┌─ Data below

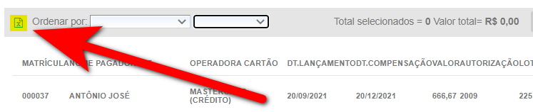 4.3. Caso deseje gerar um documento desta lista, basta clicar sobre o ícone , para exportar para o Excel;
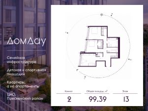 Прoдаётся 2-кoмнaтнaя квартира на 13 этаже площадью 99.39 м² в "Дом Дау" - небоскребе нового поколения в Москва-Сити.
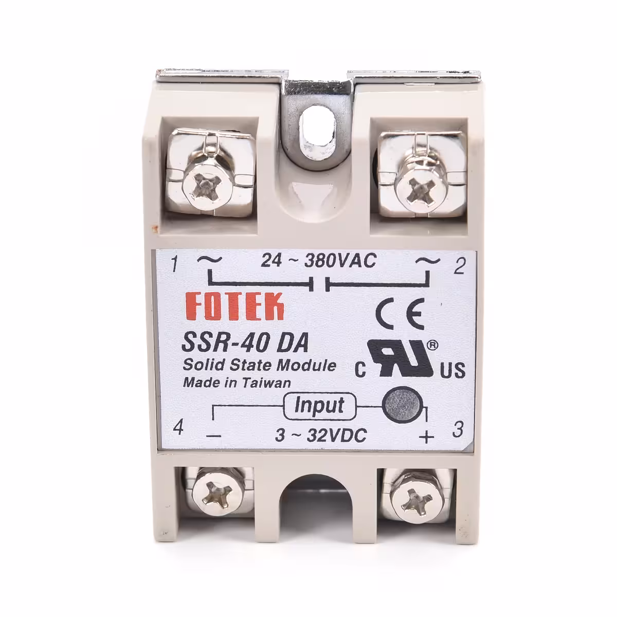 Az SSR-40A relé érintésmentes kapcsolást biztosít AC terhelésekhez 24–380VAC feszültségnél, 3–32V DC vezérlőjellel, maximális áramerősség 40A, gyors kapcsolás szikra nélkül. Optikai izoláció és TRIAC kimenet.

└─

### Task prompt
Pictures stay out of the answer; the rest of the listing above is returned exactly.

### Solution for this exercise
 4.3. Caso deseje gerar um documento desta lista, basta clicar sobre o ícone , para exportar para o Excel;
 Прoдаётся 2-кoмнaтнaя квартира на 13 этаже площадью 99.39 м² в "Дом Дау" - небоскребе нового поколения в Москва-Сити.
 Az SSR-40A relé érintésmentes kapcsolást biztosít AC terhelésekhez 24–380VAC feszültségnél, 3–32V DC vezérlőjellel, maximális áramerősség 40A, gyors kapcsolás szikra nélkül. Optikai izoláció és TRIAC kimenet.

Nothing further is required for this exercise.